Амар еще раз обвел комнату лампадой и вернулся назад к перекрестку. Людской хвост полз за ним. Ругнулся какой-то из этериотов – другой, не имевший факела, наступил ему сапогом на ногу.

– Ну чего? – спросил Трофим. – Поблукатим глубже?

– Нет, – сказал Амар. – Пошли обратно.

Они выбрались из пещеры и двинулись обратно к лагерю, где костер уже почти догорел. Люди однако еще не спали, лежали рядом с углищами вповалку, разглядывая, как переливается алый цвет, и негромко разговаривали. Хунбиш ласково пожелал Амару приятной ночи и с кряхтением поковылял к своему костру, где слуга уже раскинул ему небольшой шатер.

– Ну что, нашли сокровища? – поинтересовался Фока.

– Нашли и уже поделили, – задорно ответил Тит, приземляясь возле спящего Улеба.

Этериоты у соседних костров, услышав слово «сокровище», навострились, но поняв, в чем дело, снова отвалились на землю.

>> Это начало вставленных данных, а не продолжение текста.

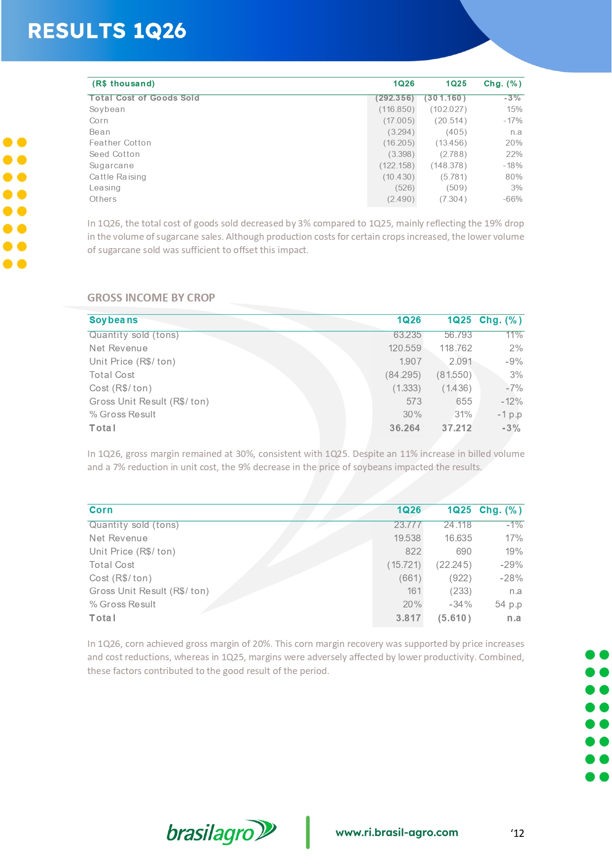In 1 Q 26 , the total cost of goods sold decreased by 3 % compared to 1 Q 25 , mainly reflecting the 19 % drop in the volume of sugarcane sales . Although production costs for certain crops increased, the lower volume of sugarcane sold was sufficient to offset this impact . ‘ 12 In 1Q26, gross margin remained at 30%, consistent with 1Q25. Despite an 11% increase in billed volume and a 7% reduction in unit cost, the 9% decrease in the price of soybeans impacted the results. In 1 Q 26 , corn achieved gross margin of 20 % . This corn margin recovery was supported by price increases and cost reductions, whereas in 1 Q 25 , margins were adversely affected by lower productivity . Combined, these factors contributed to the good result of the period . Chg. (% ) 1Q25 1Q26 (R$ thousand) - 3 % (30 1.160 ) (292.3 56) Total Cost of Goods Sold 15% (102.027) (116.850) Soybean - 17% (20.514) (17.005) Corn n.a (405) (3.294) Bean 20% (13.456) (16.205) Feather Cotton 22% (2.788) (3.398) Seed Cotton - 18% (148.378) (122.158) Sugarcane 80% (5.781) (10.430) Cattle Raising 3% (509) (526) Leasing - 66% (7.304) (2.490) Others GROSS INCOME BY CROP Chg. (% ) 1Q25 1Q26 Soybea ns 11% 56.793 63.235 Quant ity sold (tons) 2% 118.762 120.559 Net Revenue - 9% 2.091 1.907 Unit Price (R$/ ton) 3% (81.550) (84.295) Total Cost - 7% (1.436) (1.333) Cost (R$/ ton) - 12% 655 573 Gross Unit Result (R$/ ton) - 1 p.p 31% 30% % Gross Result - 3% 37.212 36.264 Tota l Chg. (% ) 1Q25 1Q26 Corn - 1% 24.118 23.777 Quant ity sold (tons) 17% 16.635 19.538 Net Revenue 19% 690 822 Unit Price (R$/ ton) - 29% (22.245) (15.721) Total Cost - 28% (922) (661) Cost (R$/ ton) n.a (233) 161 Gross Unit Result (R$/ ton) 54 p.p - 34% 20% % Gross Result n.a (5.610 ) 3.817 Tota l

У соседнего костра затянули на несколько голосов с подхватом.

 
  Не пора ль нам братцы на работу?
  Зададим себе заботушку-заботу.
  В рощу пойдем, деревца найдем.
  Снимем кору, сладим по веслу.
  Сядем по местам, каждый знает сам.
  И по реке пойдем налегке.
  Только вдруг, остановим струг.
  Послухать нужна, не плачет ли жена?
  Коли плачет молода, вернемся тогда!
  Назад воротимся, ласково простимся.
  Прощевай молода, да не на-до-лга.
  На един часок, на круглый годок!
  Меня ждать-жди, любовь береги.
  Назад приду, даров принесу.
  Колец золотых, шелков непростых.
  Для тебя, не печаль, ничего не жаль.
  Да пуще, жена, мне воля нужна!
  Э-эх!!!
 

– Эй, Меша, – окликнул уже отходящего к своему костру этериота Трофим. – Чего рассказать-то хотел?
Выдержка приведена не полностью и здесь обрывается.